Architectural designer sets the stage for School of Economics at UMB
Matthew Walter, architectural designer for School of Economics at UMB, drew on his experience in theater design to set the stage for a place where Kansas City area students will practice money-handling and business skills. Matthew explains his approach for designing a space for elementary school students to have a curriculum-based financial education experience that integrates entrepreneurship, personal finance and banking.
“Bring your child to work” days are significant and meaningful memories from my early education. My dad was an engineer and visiting job sites to see firsthand how things come together was exciting. It set the stage for my future. I’ve been working on various UMB projects for the past two decades, including recent updates to branches. When the opportunity to work on the School of Economics at UMB (SOE at UMB) project came my way, I jumped at the chance to get involved.
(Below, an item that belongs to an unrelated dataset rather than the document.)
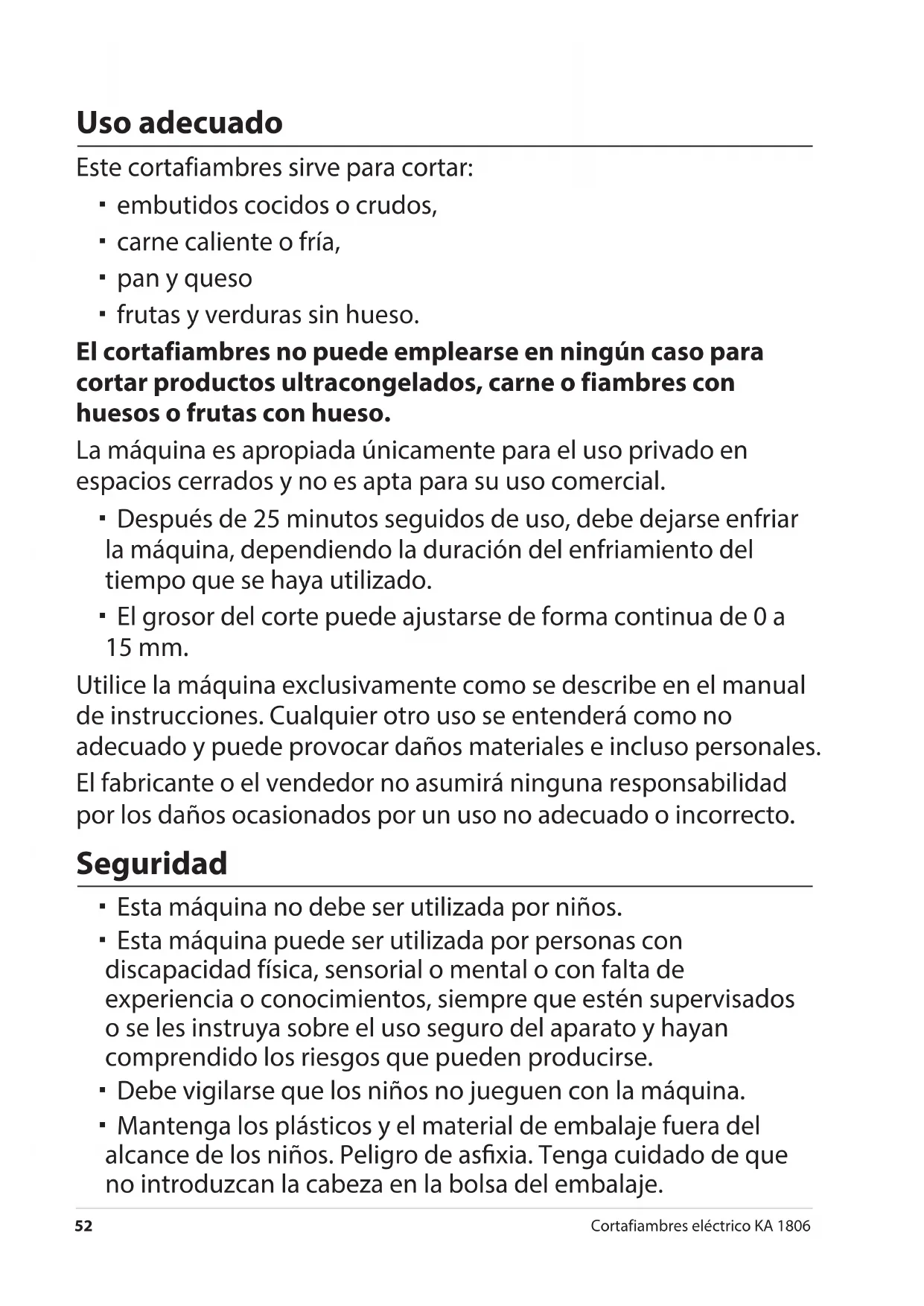El cortafiambres no puede emplearse en ningún caso para cortar productos ultracongelados, carne o fiambres con huesos o frutas con hueso.

Storytelling through architecture and design
I have a master’s of fine arts degree in theater design as well as bachelor’s degrees in interior and architecture design. My style is somewhat unique as I try to approach interior design like telling a story. For example, when designing branches, I am intentional about understanding how a client enters the branch, is greeted, and moves through the space. An equally important consideration was how UMB associates use it. I love the challenge of balancing UMB’s philosophy of providing its customers a personable banking experience with the technical needs for compliance, security and safety.
Sue-Ann Johnson, executive director of SOE and the entire SOE team have such a clear vision that I found it easy to construct a narrative for the design of the new facility. The story we’re telling with SOE at UMB is that of a busy street nestled between storefronts. The background murals of Kansas City are my interpretation of looking out a window over the skyline. I hope the students are excited to discover new parts of the design every time they turn a corner of our SOE “city.”
Being involved in a project that gives so many local students a chance to discover marketplace economics in a fun way has been an exciting challenge.
To be successful in any venture, it’s important to know the changing world we live in technologically, but the person-to-person interaction is equally critical to success. Whether it’s caring for people’s money as a teller or rolling puffed rice-marshmallow “sushi” at one of the SOE restaurants, we all have roles to perform. I hope the students come away with this understanding and remember the excitement they felt while visiting the SOE at UMB.